Prince George’s County’s enduring prohibition on raising property taxes, or TRIM (Tax Reform Initiative by Marylanders), has survived for more than three decades — despite many efforts by politicians to nullify it. Elected officials who believed the cap bankrupt’s the growth potential of the Washington suburb have won a few victories over the years in changing the terms. But voters have consistently reaffirmed the core principle at the ballot box: keep government small and do more with less. Most recently, a 2012 state law seems to have given County Executive Rushern L. Baker III (D) and the County Council power to raise taxes above the limit for the sake of education — something he plans to exercise with his FY 2016 budget. Is TRIM dead?
Here are 10 things to know about the much-maligned and enduring government charter rule:
- TRIM came into existence in the late 1970s after California’s Proposition 13, which rolled back and froze property taxes, triggered anti-property tax sentiment across the country. Taxpayer rage over the way public officials used public money swelled just as Ronald Reagan made his ascent to the White House. In Prince George’s, Larry Hogan Sr. (yes, the father of the current Maryland governor), was elected in 1978 on an anti-tax message. He would be the last Republican to serve as county executive.
- Before TRIM came to voters, Prince George’s had been transforming from a rural outpost to a suburban refuge for less-affluent whites from Southeast Washington. The transformation sparked unrestrained and unorganized development across the county that became expensive to maintain. Allegations of corruption surfaced, and scandals over the zoning process erupted. The aftermath sent a county commissioner, the head of the planning commission and several developers to prison — fueling anti-government feelings that persist to this day.
- It was Maryland Democratic state senator William J. Goodman who wrote the referendum that gave birth to TRIM, because he believed Prince George’s was over-taxed. Along with former state delegate David Bird (D), Goldman assembled a team to fight for capping property taxes at the level collected in 1979.
- Originally, the tax cap froze the dollar amount of property taxes — not the tax rate. In other words, Prince George’s government could not collect in property tax more than the amount of revenue raised in 1979 (irrespective of inflation and home values): $143.9 million.
- Prince George’s entered another growth spurt, and, by 1984, thousands of new residents had settled there. Two years into his first term, then-county executive Parris Glendening (D) said he was frustrated by budget deficits and constrained by the tax cap. The county needed revenue, he said, but had few, if any, options. Glendening convinced residents to remove the revenue ceiling, modifying TRIM so that the total amount collected could increase if property values escalated and the tax base expanded.
- As a result of Glendening’s media blitz campaign, called “Freeze the tax rate,” the County Council was authorized to levy taxes on 40 percent of the value of real property at a rate of $2.40 for each $100 of assessed value. Revenues increased by about $6 million to $8 million.
- Proponents and opponents of the tax cap have persistently fought to defend and destroy the measure in court.
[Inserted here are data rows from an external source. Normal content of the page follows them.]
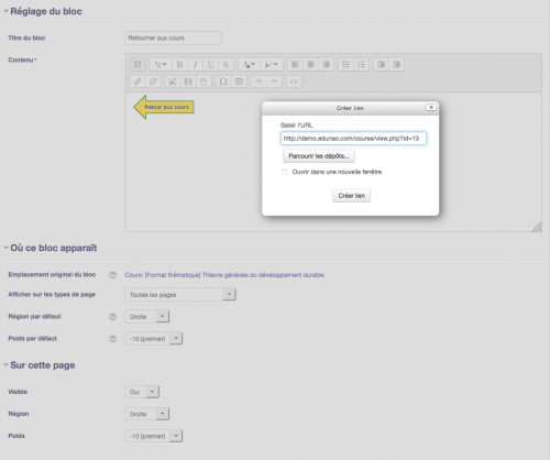 - Titre du bloc : Il s'agit du titre qui apparaitra sur la page du cours.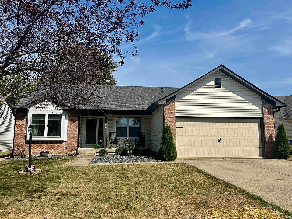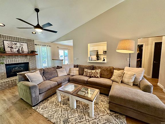 Welcome home to this 1582 sq.ft. ranch style home offering 3 beds and 2 full baths, plus a full partially finished basement with additional living space and possible 4th bedroom plus abundant storage. The open concept design features a spacious great room with vaulted ceilings, new flooring throughout and a cozy gas fireplace and flows seamlessly into the dining area and galley-style kitchen. The kitchen showcases crisp white cabinets, quartz countertops, a tile backsplash, pantry, and comes fully equipped with stainless steel appliances. The large primary bedroom suite includes a walk-in closet along with an ensuite full bath featuring a soaking tub, separate stand-up shower, and dual-sink vanity. The split bedroom floor plan places the additional 2 bedrooms and a full bath on the opposite side of the great room for added privacy. Outside, you will find a fully fenced backyard, 2 car attached garage, and peace of mind for years to come with a brand new roof and gutters!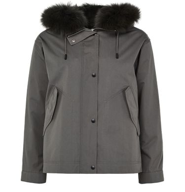 Entdecke Yves Salomons Kapuzenjacke aus Baumwolle, eine regular fit Parka, die zwei Materialien mit einer kurzen Silhouette kombiniert. Mit Knopfverschluss und langen Ärmeln ausgestattet, wird diese Jacke durch Seitentaschen und ein Pelzdetail veredelt. Ihre Polstertextur verleiht einen Hauch von Raffinesse, perfekt für vielseitige Stylings.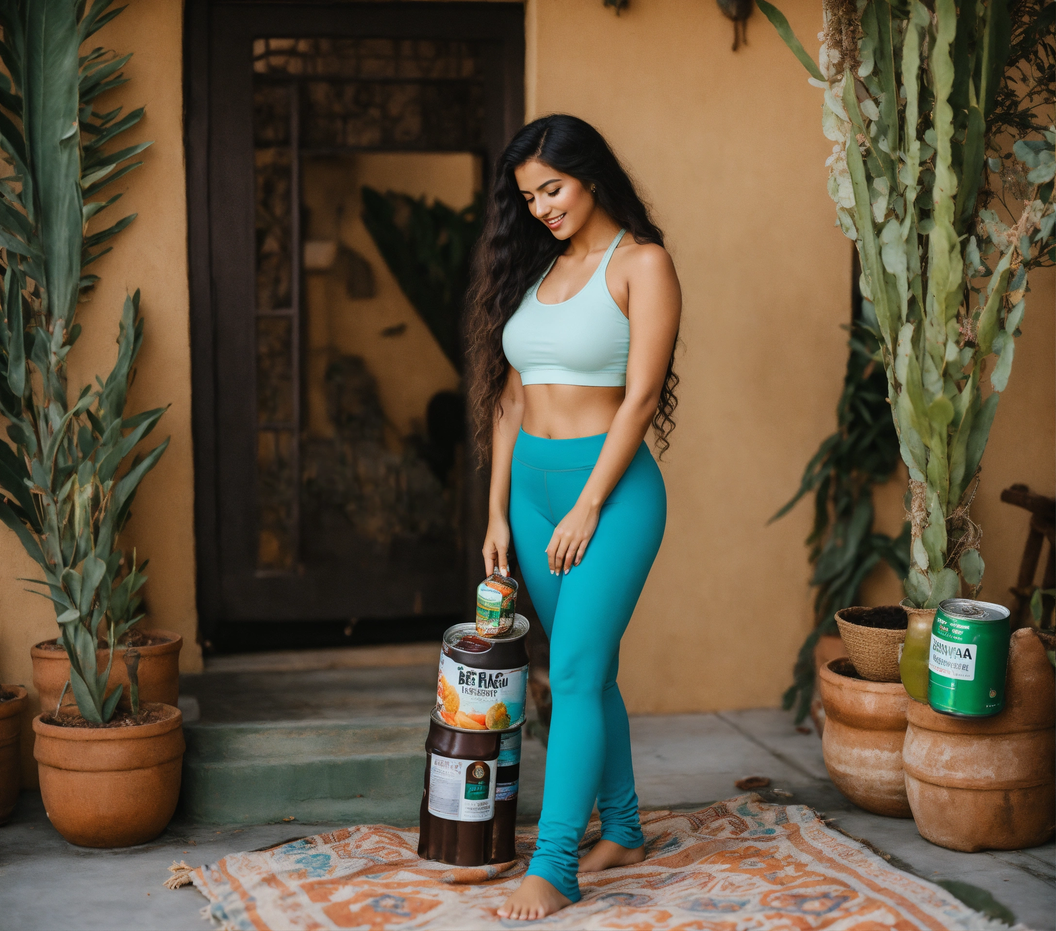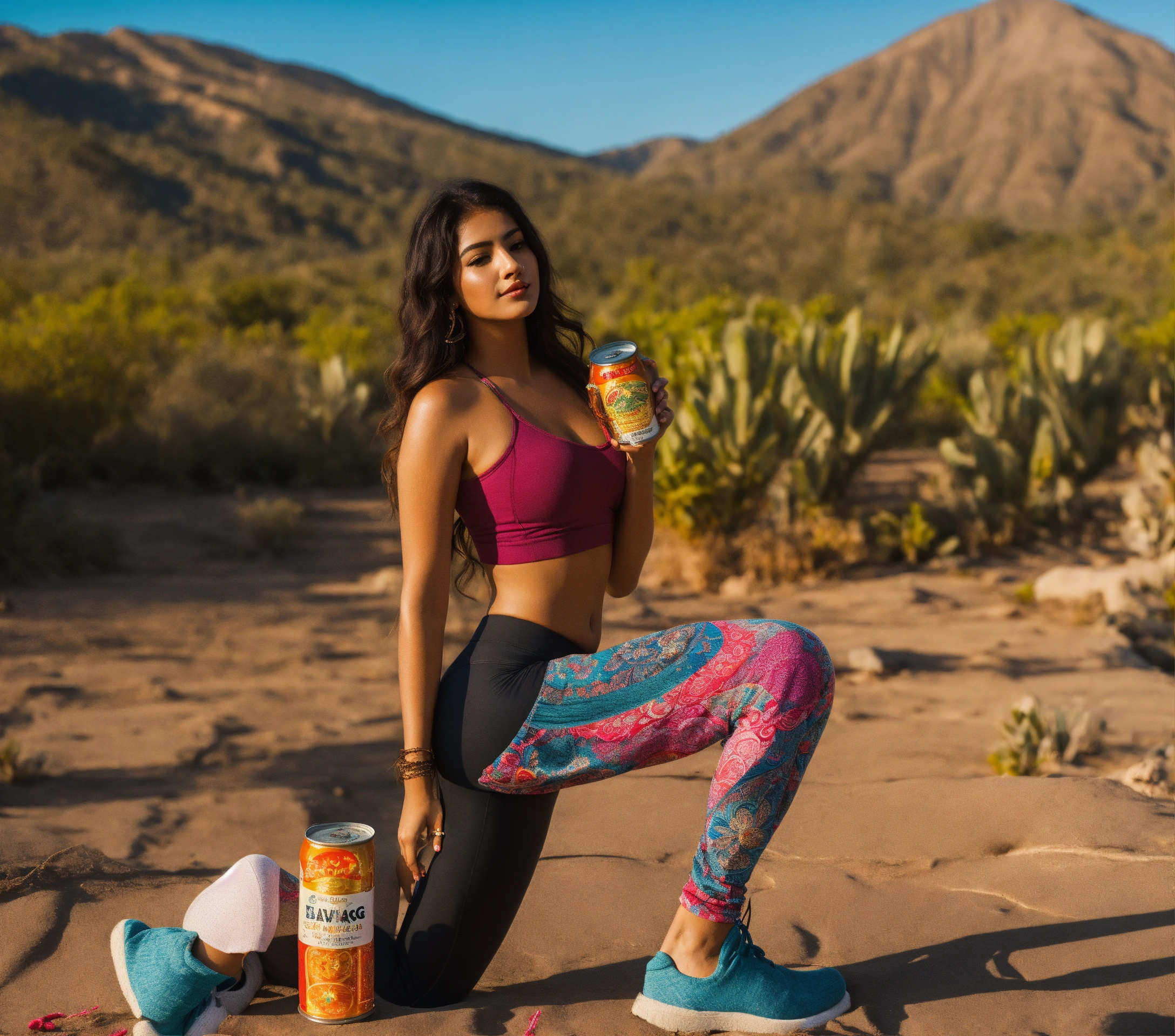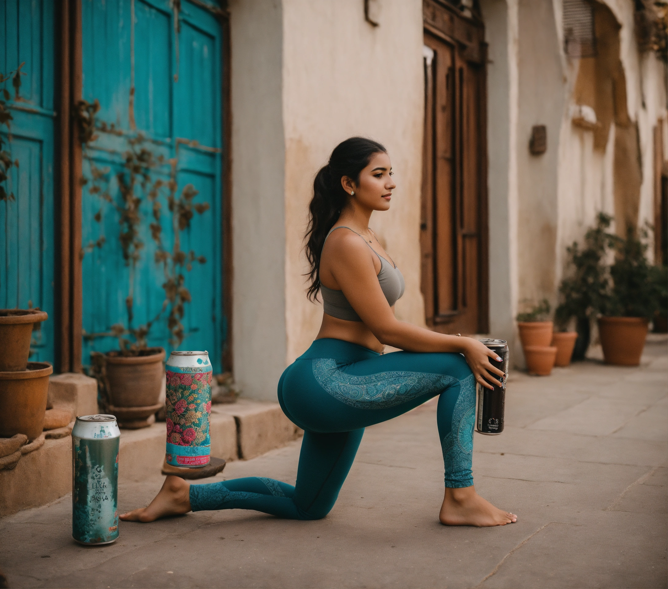 Latina girl in boho look wearing yoga pants having a canned bevarage with indian boyfriend

In 1991, the courts allowed Prince George’s government to bypass the limit and raise the rate to cover a budget shortfall and pay off pre-TRIM debt obligations.
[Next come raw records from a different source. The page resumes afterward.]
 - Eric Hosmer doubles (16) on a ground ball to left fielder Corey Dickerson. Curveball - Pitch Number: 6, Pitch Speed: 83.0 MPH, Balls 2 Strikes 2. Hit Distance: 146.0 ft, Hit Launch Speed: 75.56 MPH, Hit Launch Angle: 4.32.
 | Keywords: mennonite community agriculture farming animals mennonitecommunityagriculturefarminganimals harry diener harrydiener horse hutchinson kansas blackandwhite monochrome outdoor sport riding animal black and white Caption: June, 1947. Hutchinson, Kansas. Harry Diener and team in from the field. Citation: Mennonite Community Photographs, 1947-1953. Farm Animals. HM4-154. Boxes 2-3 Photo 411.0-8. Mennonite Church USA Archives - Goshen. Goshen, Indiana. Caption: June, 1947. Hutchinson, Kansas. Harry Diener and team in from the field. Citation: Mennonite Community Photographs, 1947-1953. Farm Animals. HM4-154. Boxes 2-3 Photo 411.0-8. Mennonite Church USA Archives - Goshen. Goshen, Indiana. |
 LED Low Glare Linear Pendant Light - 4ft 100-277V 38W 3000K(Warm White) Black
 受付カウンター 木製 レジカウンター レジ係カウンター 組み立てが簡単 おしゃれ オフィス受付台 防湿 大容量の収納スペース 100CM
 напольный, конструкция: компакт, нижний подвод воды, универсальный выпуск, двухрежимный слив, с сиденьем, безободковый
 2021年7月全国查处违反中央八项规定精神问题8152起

- Some politicians avoided the intense debate over TRIM altogether — especially if they had more conservative constituencies — but were finding it increasingly difficult to fund government services, such as schools. Other special taxes were created, and some costs shifted to the state and agencies, such as the Maryland-National Capital Park and Planning Commission, which were exempt from caps.
- Prince George’s first black county executive, Wayne K. Curry, declared the county had outgrown TRIM. Upper-class and middle-income African Americans from Mitchellville and Lake Arbor largely and quietly led a well-financed repeal effort. They thought more money would improve schools where the majority of students were black. But Hyattsville activist Judy Robinson fought back in 1996 with her Truth iN Taxation organization, and voters — black and white — overwhelmingly upheld TRIM. Curry conceded defeat: “The voters of Prince George’s have spoken … they have called for a smaller, leaner government. And that’s exactly what they will get.”
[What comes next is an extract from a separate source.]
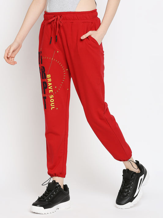 Disrupt Red Graphic Print Regular Fit Joggers For Women

- Under a new computation model that assesses value at 100 percent rather than at 40 percent, the tax cap became 96 cents per $100 of assessed value in 2001. It has stood, unchanged, ever since.
The current debate over TRIM mirrors those of the past. It’s a conversation about government spending, mistrust and keeping up with the neighbors, such as Montgomery and Fairfax counties. In an interview, former delegate Bird, who now lives in Howard County, said he was chagrined to see Prince George’s cap in danger again: “It remains one of the few checks the public has on government. It would be a shame if you don’t let voters decide.” But to Glendening and other elected officials trying to balance Prince George’s annual budget, TRIM is one of many reasons the county struggled to make progress improving schools and attracting sought-after businesses.